No picture belongs in the copy. Repeat each line below exactly.

Source material -
+ + + +

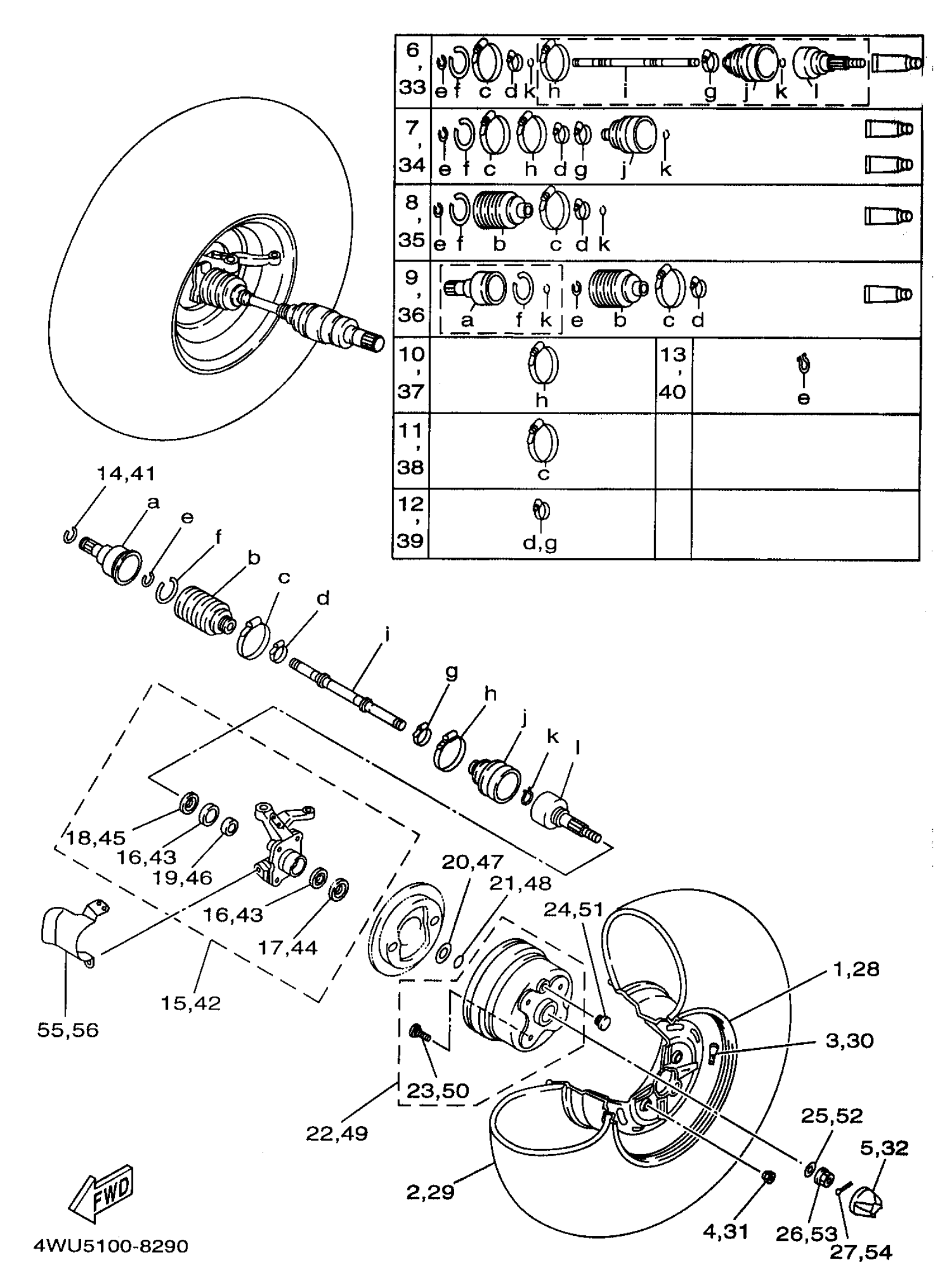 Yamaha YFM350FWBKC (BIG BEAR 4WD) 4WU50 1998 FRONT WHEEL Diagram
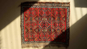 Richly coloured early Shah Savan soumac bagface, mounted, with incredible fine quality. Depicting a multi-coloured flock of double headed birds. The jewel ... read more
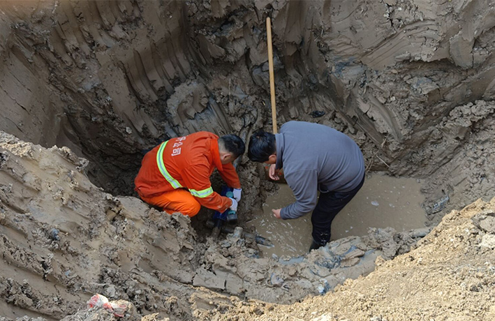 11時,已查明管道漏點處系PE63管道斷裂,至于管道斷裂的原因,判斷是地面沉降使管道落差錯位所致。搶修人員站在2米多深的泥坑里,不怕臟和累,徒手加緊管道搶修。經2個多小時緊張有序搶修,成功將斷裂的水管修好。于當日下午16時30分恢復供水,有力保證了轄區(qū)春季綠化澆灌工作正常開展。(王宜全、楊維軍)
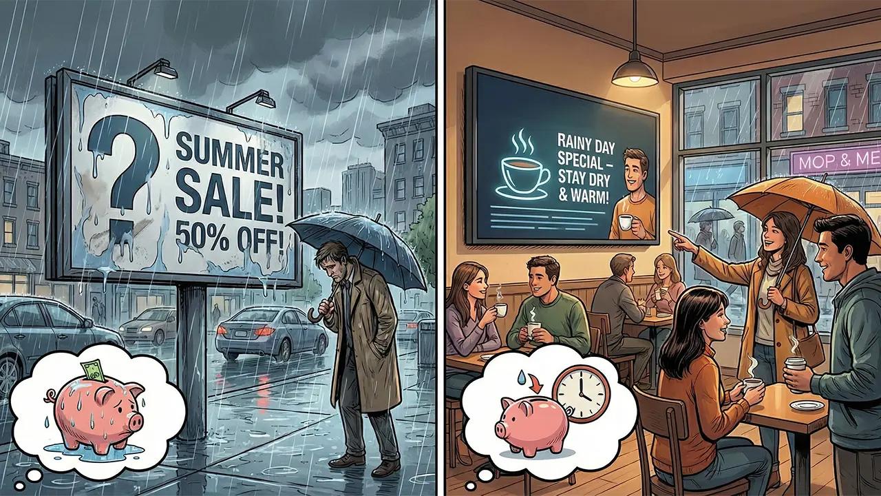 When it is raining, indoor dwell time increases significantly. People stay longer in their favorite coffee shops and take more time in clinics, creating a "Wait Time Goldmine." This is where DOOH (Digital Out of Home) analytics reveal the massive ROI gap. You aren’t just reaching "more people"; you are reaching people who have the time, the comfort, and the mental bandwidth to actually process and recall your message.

+ + + +

Written answer -
 Yamaha YFM350FWBKC (BIG BEAR 4WD) 4WU50 1998 FRONT WHEEL Diagram
 Richly coloured early Shah Savan soumac bagface, mounted, with incredible fine quality. Depicting a multi-coloured flock of double headed birds. The jewel ... read more
 11時,已查明管道漏點處系PE63管道斷裂,至于管道斷裂的原因,判斷是地面沉降使管道落差錯位所致。搶修人員站在2米多深的泥坑里,不怕臟和累,徒手加緊管道搶修。經2個多小時緊張有序搶修,成功將斷裂的水管修好。于當日下午16時30分恢復供水,有力保證了轄區(qū)春季綠化澆灌工作正常開展。(王宜全、楊維軍)
 When it is raining, indoor dwell time increases significantly. People stay longer in their favorite coffee shops and take more time in clinics, creating a "Wait Time Goldmine." This is where DOOH (Digital Out of Home) analytics reveal the massive ROI gap. You aren’t just reaching "more people"; you are reaching people who have the time, the comfort, and the mental bandwidth to actually process and recall your message.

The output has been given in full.